As next steps, EngenderHealth intends to further engage with the university administration and students to set up comprehensive prevention and response strategies within the campus premises. EngenderHealth will continue building capacity of gender foundations at the campuses and facilitating GBV training for the administration, staff, and students, to dispel beliefs that perpetuate GBV on campus.

Students from Bunda singing GBV tailor-made song on occurrence and how to end GBV at campus level.

EngenderHealth GBV Prevention and Services Project team to responding questions from the student participants at Bunda College.

Students from Bunda singing GBV tailor-made song on occurrence and how to end GBV at campus level.

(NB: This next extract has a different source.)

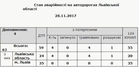 Протягом вівторка, 28 листопада, поліцейські зафіксували на Львівщині 59 аварій: у Львові – 35, на території області – 24 аварію.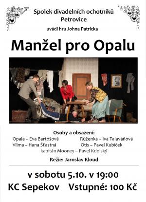 Komedii Johna Patricka Manžel pro Opalu hraje Spolek divadelních ochotníků Petrovice. Obsazení: Eva Bartošová jako Opala Kronkieová Pavel Kdolský jako Kapitán Mooney Ivana Talaváňová jako Růženka Montefalcová Hanka Šťastná jako Vilma Lemonová Pavel Kubíček jako Otis Lemon

EngenderHealth’s Essential Gender-Based Violence (GBV) Prevention and Services Project is a two-year U.S. Department of State–funded project. While Malawi has a strong legal framework, strong GBV and gender-related policies, and government support for a multisectoral approach to GBV, few survivors ever access formal services, and the incidence of GBV remains high. Even when people access formal services, the response mechanisms are often not comprehensive. The Essential GBV Prevention and Services Project seeks to focus on strengthening the coordination and enhancing the capacity of a range of stakeholders (including government, key members of civil society, organizations working with women and girls/men and boys, and gatekeepers of cultural and social norms—particularly traditional and faith leaders) to: coordinate a multisectoral approach to GBV prevention and response, strengthen linkages between and among multisectoral actors, improve overall legal response to GBV, and engage in GBV prevention efforts to address the root causes of GBV (e.g., gender inequality, patriarchy, and inequitable social and gender norms).